The pontiff then went on to say that there will be no peace unless people extend a hand to one another and for as long as “we see others as them and not us.”

“There will be no peace as long as our alliances are against others, for alliances of some against others only increase divisions,” he said: “Peace does not demand winners or losers, but rather brothers and sisters who, for all the misunderstandings and hurts of the past, are journeying from conflict to unity.”

Pope Francis gravitated between speaking about Iraq, the Middle East, and the world as a whole to both believers and non-believers.

The core of his message was aligned with the motto of the trip: “We are all brothers,” and he spoke about the human fraternity — the recognition of the other as equal in dignity as the grounds for lasting peace.

Peace, he said, begins from the decision “not to have enemies,” and anyone who believes in God “has no enemies to fight” beyond hatred, the willingness to seek personal profit at the expense of others.

“Those who follow the ways of God cannot be against someone, but for everyone,” he said. “They cannot justify any form of imposition, oppression, and abuse of power. They cannot adopt an attitude of belligerence.”

Ahead of the interreligious prayer, the Vatican’s Secretary of State Italian Cardinal Pietro Parolin told reporters that the interreligious meeting held in the birthplace of Abraham was “directly linked” to what happened earlier on Saturday when Francis met with Grand Ayatollah Ali al-Sistani.

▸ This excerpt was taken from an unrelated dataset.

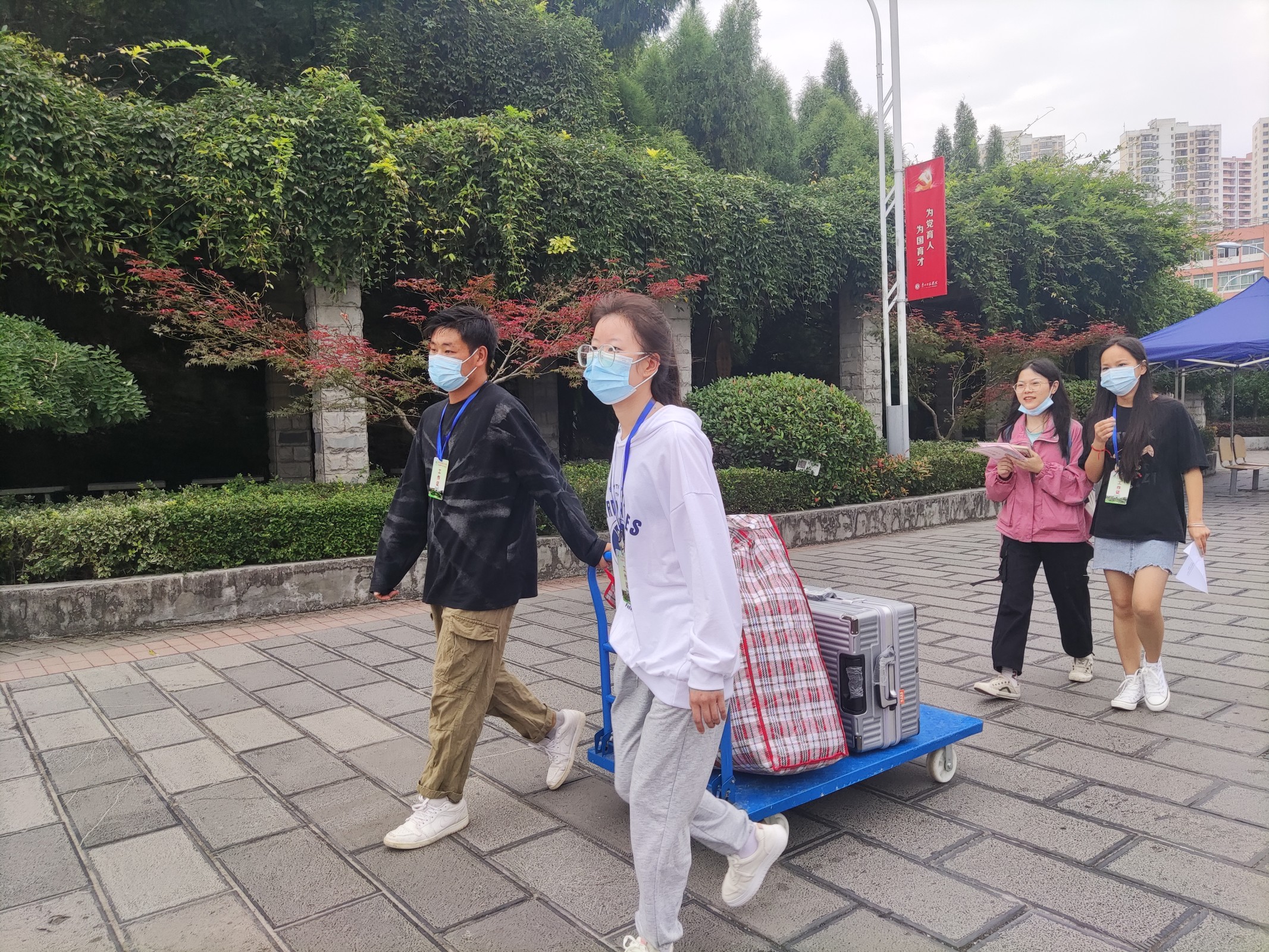 微風(fēng)徐徐的早上,迎新工作者們帶著準(zhǔn)備已久的迎新物資,早早的做好迎新現(xiàn)場布置,以確保迎新工作順利完成。本次迎新工作分工明確,同時也有一個亮點就是所有的報道、核驗、入住宿舍都在一條線上,確保新生能夠有序、有效完成相關(guān)手續(xù),同時也避免同學(xué)們擁擠的狀況。由各學(xué)院引領(lǐng)新生在學(xué)校門口的對應(yīng)的學(xué)院身份核驗點,完成查驗通知書、掃健康碼、行程碼、測體溫等工作;隨后,前往鑒湖旁辦理相關(guān)手續(xù),完成所有的入學(xué)手續(xù),工作者幫新生搬行李送去宿舍,并協(xié)助他們辦理入住手續(xù)。在迎新過程,我院領(lǐng)導(dǎo)親為其中,同時輔導(dǎo)員以及各位老師以最飽滿的精神和最溫和的態(tài)度不斷給新生答疑解惑,引領(lǐng)報道,各個志愿者也不畏烈日為新生們搬運行李。由于疫情原因,本次家長無法進(jìn)校,這無形之中加大了本次迎新工作的難度,但在全院師生齊心協(xié)力、各位家長新生的理解與配合使得本次迎新活動順利進(jìn)行。下午6時,本次迎新活動所有新生全部順利報道后圓滿結(jié)束。

One of the Mandaeans in attendance told Crux that this was a “historic visit” with the opportunity to “inspire Iraqis to turn the page and remember that, until not that long ago, we all lived here in peace.”

Mohammed Abass Salih, who provided live interpretation via headphones into Italian for the Vatican delegation, said that the pope’s “call for peace and fraternity” was highly needed, and he hoped it would be heard “not only in Iraq but in the world. The level of violence we see every day cannot continue.”

“It is up to us, today’s humanity, especially those of us, believers of all religions, to turn instruments of hatred into instruments of peace,” Francis said. He told religious leaders it’s up to them to appeal to nations’ leaders to stop using money to buy weapons and instead distribute food. He encouraged all to silence mutual accusations, so the oppressed’s cry can be heard because too many lack food, medicine, education, and rights.

“It is up to us to shed light on the shady maneuvers that revolve around money and to demand that money not end up always and only reinforcing the unbridled luxury of a few. It is up to us to preserve our common home from our predatory aims,”  he said. “It is up to us to remind the world that human life has value for what it is and not for what it has. That the lives of the unborn, the elderly, migrants and men and women, whatever the color of their skin or their nationality, are always sacred and count as much as the lives of everyone else!”

Lastly, after hearing the witness of the unspeakable suffering caused by the war that forced many to flee their homes, the pope praised those who had been determined to stay in the land of their parents while saying he wished those who had been unable to do so would find kind welcome elsewhere.

Rafah Husein Baher, an Iraqi Sabean Mandaean, had told Pope Francis about witnessing her children, brothers, and relatives fleeing to numerous destinations and different regions.

“All Iraqis peacefully coexist, between us, there are familiarity and common stories, together we subsist through the war’s ruins on the same soil,” she said in English, clearly moved by what she was recounting. “Our blood was mixed. Together we tasted the bitterness of the embargo. We have the same identity.”

“Injustice afflicted all Iraqis,” she said, “didn’t exclude anyone: innocent bloodshed from all Iraqis. Terrorism violated our dignity with impudence. Many Countries, without conscience, classified our passports as valueless, watching our wounds with indifference. Your Holiness’ visit to Iraq means that Mesopotamia is still respected and valued.”